SOURCE DATA:

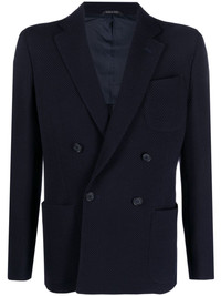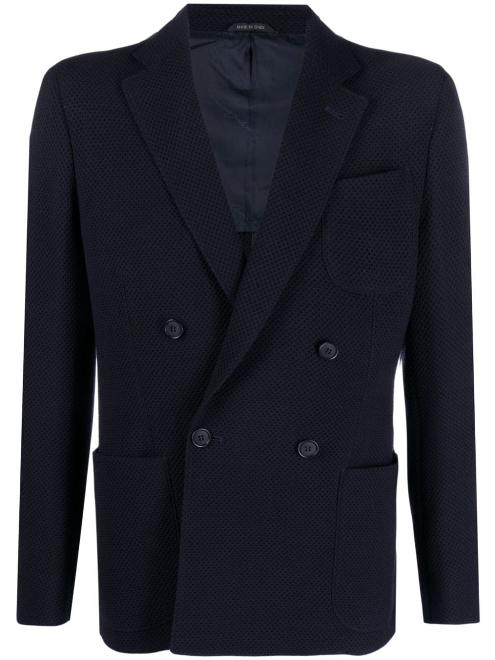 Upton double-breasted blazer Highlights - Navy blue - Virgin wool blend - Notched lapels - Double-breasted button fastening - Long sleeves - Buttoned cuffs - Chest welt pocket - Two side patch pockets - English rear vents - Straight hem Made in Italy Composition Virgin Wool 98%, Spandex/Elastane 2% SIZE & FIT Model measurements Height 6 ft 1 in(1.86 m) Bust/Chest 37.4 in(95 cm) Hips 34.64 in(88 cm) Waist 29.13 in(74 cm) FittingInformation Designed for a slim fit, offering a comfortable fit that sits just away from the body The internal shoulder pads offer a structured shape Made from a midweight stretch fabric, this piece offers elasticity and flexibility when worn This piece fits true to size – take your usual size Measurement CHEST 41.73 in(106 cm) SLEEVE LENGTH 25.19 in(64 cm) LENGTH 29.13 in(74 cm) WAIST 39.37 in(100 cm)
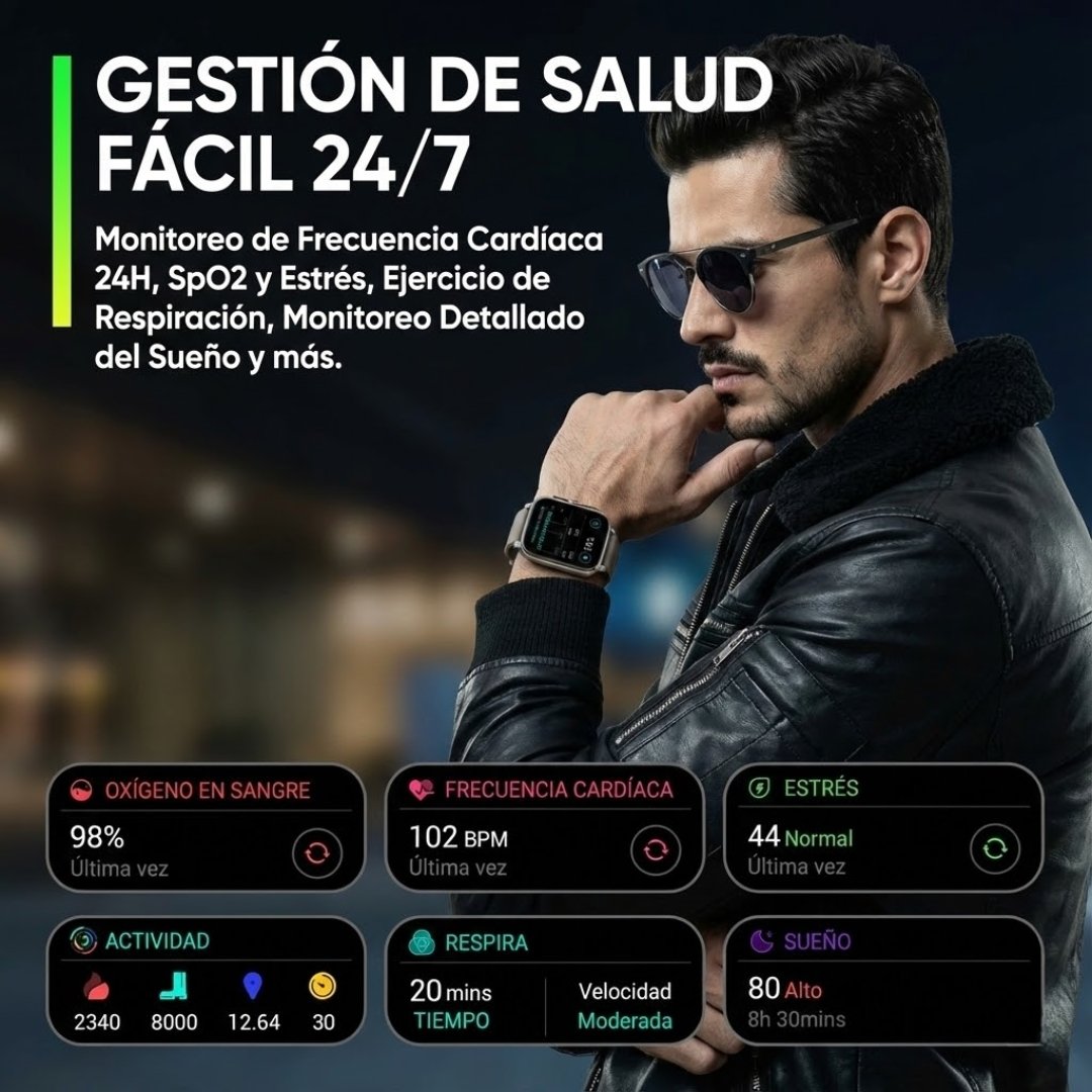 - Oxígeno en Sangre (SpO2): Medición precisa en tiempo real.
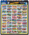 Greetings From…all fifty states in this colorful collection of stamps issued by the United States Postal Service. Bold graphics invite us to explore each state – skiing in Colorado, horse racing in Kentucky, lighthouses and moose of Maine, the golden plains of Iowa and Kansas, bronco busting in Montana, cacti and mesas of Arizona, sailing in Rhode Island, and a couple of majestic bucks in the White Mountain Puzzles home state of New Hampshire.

EXERCISE: Before you return the listing exactly, strip out its pictures.

TASK OUTPUT:
 Upton double-breasted blazer Highlights - Navy blue - Virgin wool blend - Notched lapels - Double-breasted button fastening - Long sleeves - Buttoned cuffs - Chest welt pocket - Two side patch pockets - English rear vents - Straight hem Made in Italy Composition Virgin Wool 98%, Spandex/Elastane 2% SIZE & FIT Model measurements Height 6 ft 1 in(1.86 m) Bust/Chest 37.4 in(95 cm) Hips 34.64 in(88 cm) Waist 29.13 in(74 cm) FittingInformation Designed for a slim fit, offering a comfortable fit that sits just away from the body The internal shoulder pads offer a structured shape Made from a midweight stretch fabric, this piece offers elasticity and flexibility when worn This piece fits true to size – take your usual size Measurement CHEST 41.73 in(106 cm) SLEEVE LENGTH 25.19 in(64 cm) LENGTH 29.13 in(74 cm) WAIST 39.37 in(100 cm)
 - Oxígeno en Sangre (SpO2): Medición precisa en tiempo real.
 Greetings From…all fifty states in this colorful collection of stamps issued by the United States Postal Service. Bold graphics invite us to explore each state – skiing in Colorado, horse racing in Kentucky, lighthouses and moose of Maine, the golden plains of Iowa and Kansas, bronco busting in Montana, cacti and mesas of Arizona, sailing in Rhode Island, and a couple of majestic bucks in the White Mountain Puzzles home state of New Hampshire.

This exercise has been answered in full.